I snorted. “I think we’re finally here actually.”

Gin stepped forward. This was why I’d asked her to come along with me to the Lost City. A broken door lay before us. I remembered it from my last mission through the city. It had seemed insignificant at the time, but now, yeah, my visions kept snapping to this spot. This place wasn’t part of the memories, but I kept seeing flashes of this door. It was the key to the memories.

Gin was good at fixing things. Really good. And her lock-picking skills were second to no one.

Gin knelt down in front of the broken door and started looking it over. “There is a barrier of some sort here. Magic. It’s weak right now because of the full moon.”

The full moon was tied to the monsters and their shifting tempers. Right now, when the moon was full, the monsters’ magic was erratic. And that erratic magic here in the Lost City had weakened the barrier of this broken door, eating away at it, making it hard for the barrier to hold its seal. Just as Bella had speculated. That’s why I’d come here now when the moon was full.

The problem was the beasts always got a bit moody around the time of the full moon. Luckily, I was somewhat of an expert monster slayer.

My phone rang again. It was a number I didn’t recognize. But the name ‘Heaven’ was displayed prominently on the screen. Must have been someone’s idea of a good joke.

“Heaven is calling,” I told my sisters.

Yeah, Heaven.
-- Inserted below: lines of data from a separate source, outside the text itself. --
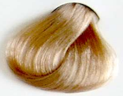
10.01 Rubio Platino Natural Ceniza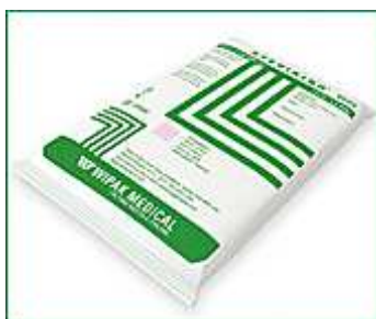
(Test di Bowie & Dick)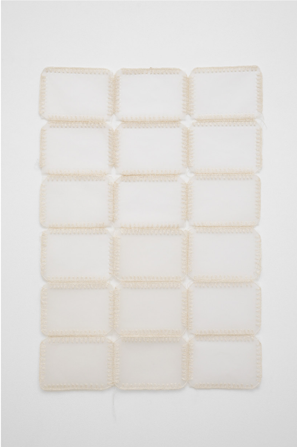
Silvana Mc Nulty, Feuilles de calque crochetées blanc , 95 x 65 cm, 2023 Vue de l'exposition Déborder de ses bords , Silvana Mc Nulty, Galerie Florence Loewy, Paris Réalisée avec le soutien aux galeries / exposition du Centre national des arts plastiques.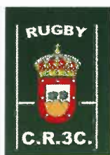
C.R. Tres Cantos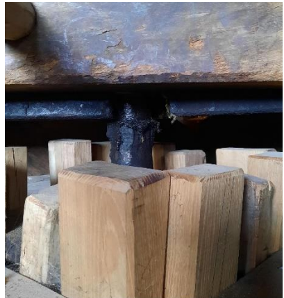
Speling tap met neuten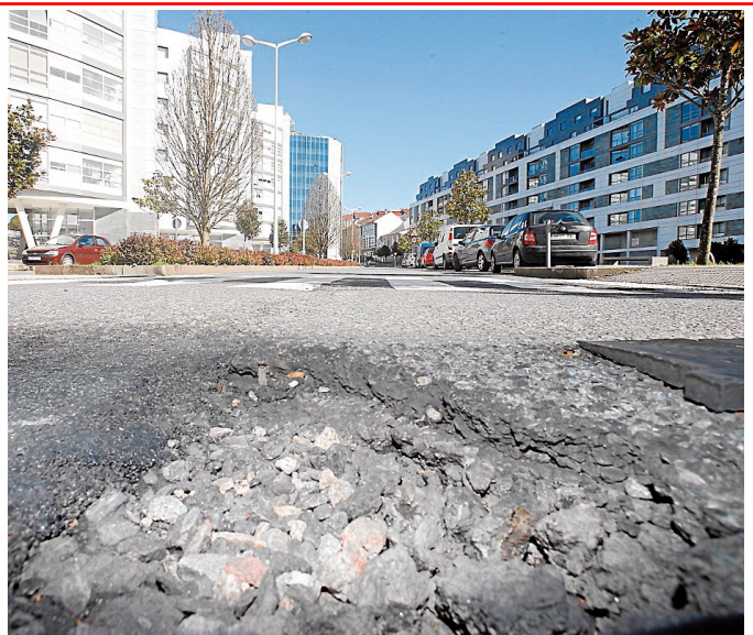
Las fochancas se han instalado también en la avenida de Barcelona.

Asimismo, el plan de obras también afectará a la rúa de Ulpiano Villanueva,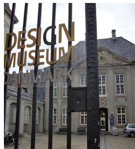
デザインミュージアム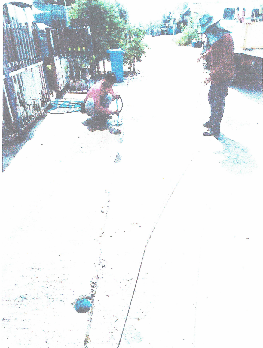
ภาพถ่ายขณะดำเนินการ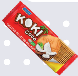
GALLETA KOKI TACO *24 PAQ. 210 GR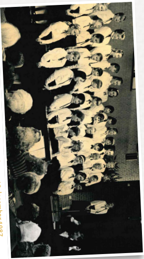
Kindkerkoor 'de Sangheertjes' trad op in De Aker op 19 december 1987

Putten was in die jaren sterk aan het groeien. De nieuwe A28 maakte het dorp bereikbaar voor nieuwkomers, en de lokale gemeenschap bloeide. Vergaderingen, catechisaties en jeugdbijeenkomsten vonden plaats op verschillende plekken door het dorp - in consistoriekamers, schoollokalen en natuurlijk in Rehoboth. Het was behelpen en zo ontstond de gezamenlijke droom voor een eigen centrum.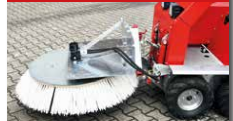
Radialbesen R 1200

R 1200 Ein sauberes Kehrergebnis garantiert der Dozer zusammen mit dem in Frontanbau montierten Radialbesen R 1200. Die PPN-Borsten fegen dank ihres Winkels jede Ecke sauber aus.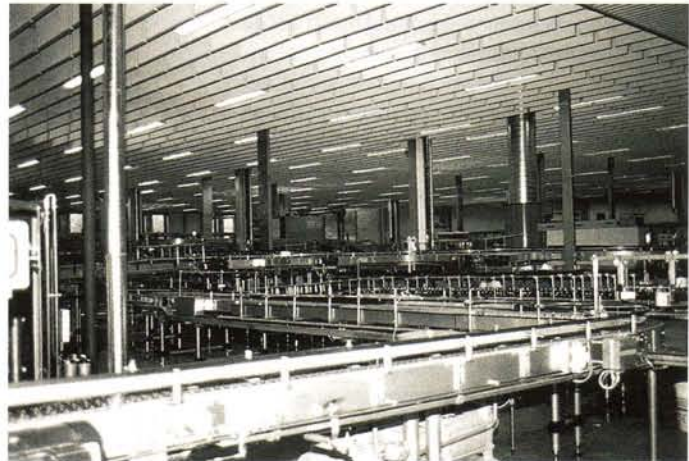
Abfüllanlage mit schallabsorbierender Deckenverkleidung

Die Nachhallzeit ist die gemessene Zeiteinheit, in der ein erzeugtes Geräusch nach dem Abschalten um 60 dB abfällt. Je kürzer die Nachhallzeit, desto größer sind die äquivalenten Absorptionsflächen.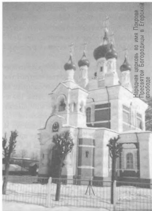
Нарядная церковь во имя Покрова Пресвятой Богородицы в Егерской слободе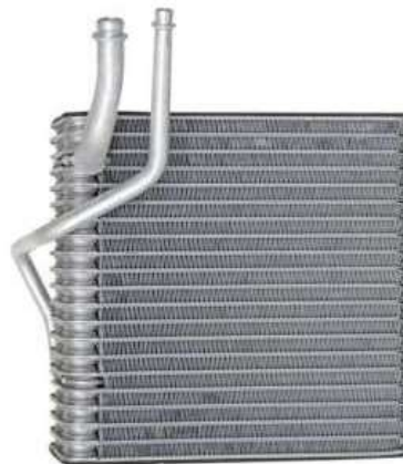
Figura 2. Evaporador de aire acondicionado automotriz.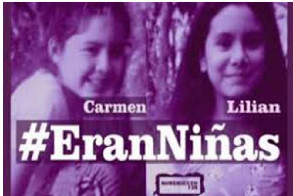
"¡Son niñas!": Un crimen de lesa humanidad que deberán pagar.

hicimos denuncia en los organismos internacionales como el Comité de Niños de Ginebra, las Naciones Unidas, estamos presionando para que entre el Equipo Antropológico y se sepa realmente que hicieron con nuestras niñas.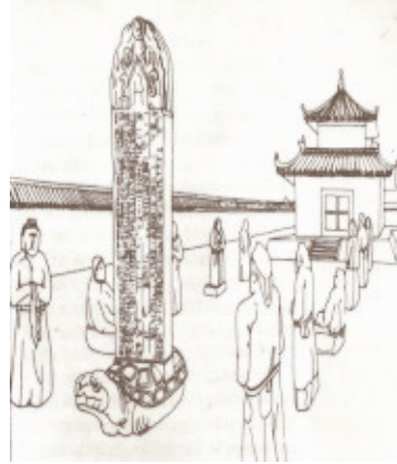
Resim-7: Kültigin Anıtının eması

amanist Türklerde ölümden sonraki hayat büyük önem ta ımaktadır. Bunu Hunlarda da görmü tük. Zira Hun kurganlarında bulunan e yalar ve cesetlere baktı ımız da bunu bariz bir ekilde görebiliriz. Hun asilzadeleri öldü ünde onunla birlikte en sevdi i kadını, ileri gelen subayları, köle ve hizmetçileri, halktan bazı ileri gelenler, kendini göstermi delikanlı cengaverleri, cins atları, silahları, günlük e yaları da mezara koyuyorlardı. Bu mezarlarda bazen yüzlerce, binlerce at ya da insan olabiliyordu. Bu ölen ki inin itibarına göre de i mekteydi.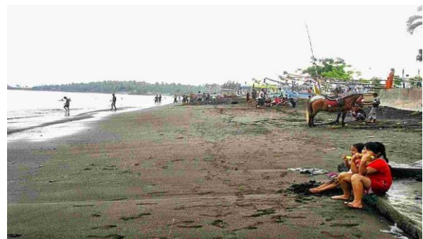
Gambar 2. Pantai Blimbingsari pada Masa Eksplorasi

Fase ini menjadi bagian penting dalam perjalanan Pantai Blimbingsari menuju bentuknya yang lebih terstruktur seperti saat ini. Sama seperti yang terjadi di berbagai daerah lain di Indonesia, lambatnya perkembangan daya tarik dan minimnya dukungan dari luar menjadi alasan mengapa kawasan seperti ini sempat bertahan cukup lama dalam tahap eksplorasi. Setelah itu, muncul upaya yang lebih terorganisir untuk menjadikannya sebagai bagian dari destinasi wisata yang lebih serius.

As though that would make me answer the phone.

I looked up at the sky and said, “Nice try, Nyx.”

I could hear the rumbling of beasts.

“What’s that?” Gin asked, unsettled. She nearly dropped her tools.

“Don’t worry about it,” I told her. “I’m on it.”

I was already up and swinging my sword through the overgrown centipedes. Damn, their armor was tough. I blasted one with a fire spell. It worked better than my sword.

“How are you coming with that door, Gin?” I called back.

“Just a little bit longer,” she replied.

Tessa was helping her, holding her tools and keeping an eye out in case any of the beasts got past me. The centipedes were gone, but now I had some rather large silver wolves to contend with.

And by silver, I meant made of actual metal. They weren’t covered in fur like normal wolves. They were made of some kind of strong metal, stronger than anything I’d ever encountered. My sword bounced right off them. Even my magic didn’t put a dent in them. Nothing was hurting them. Sure, I could force them back with some well-placed telekinetic blasts, but they just kept rushing forward. We were being overrun.

“Now would be a good time to get that door open,” I told Gin, trying to keep the panic out of my voice.

I didn’t know what was on the other side. Hopefully, it wasn’t more monsters. All I knew was things weren’t looking good here. The monsters came at me from either side—and from above.

Magic flashed, and then the beasts were gone. A combined blast of thunder, fire, and lightning had split them into little bits of metal. That blast had also knocked me on my ass.

I looked up and saw Faris. So he’d been the one to blast the monsters to bits. And save my life. Damn it. I really didn’t want to owe Faris anything.

He pulled me to my feet. “You really must be more careful. You are carrying priceless cargo.” He looked down at my belly.

Faris saw me as a moderately useful weapon, but he saw my unborn child as the weapon to end all wars.

“You didn’t answer my call.” Disapproval flashed in his eyes.

“Heaven. That was you,” I realized.

“Naturally,” he said smugly.

I shook my head in disbelief. “I should have guessed.”

The God of Heaven’s Army. Heaven. Made sense.

“All right then,” Faris said, dusting leftover magic off his hands. “Let’s do what we came here to do.”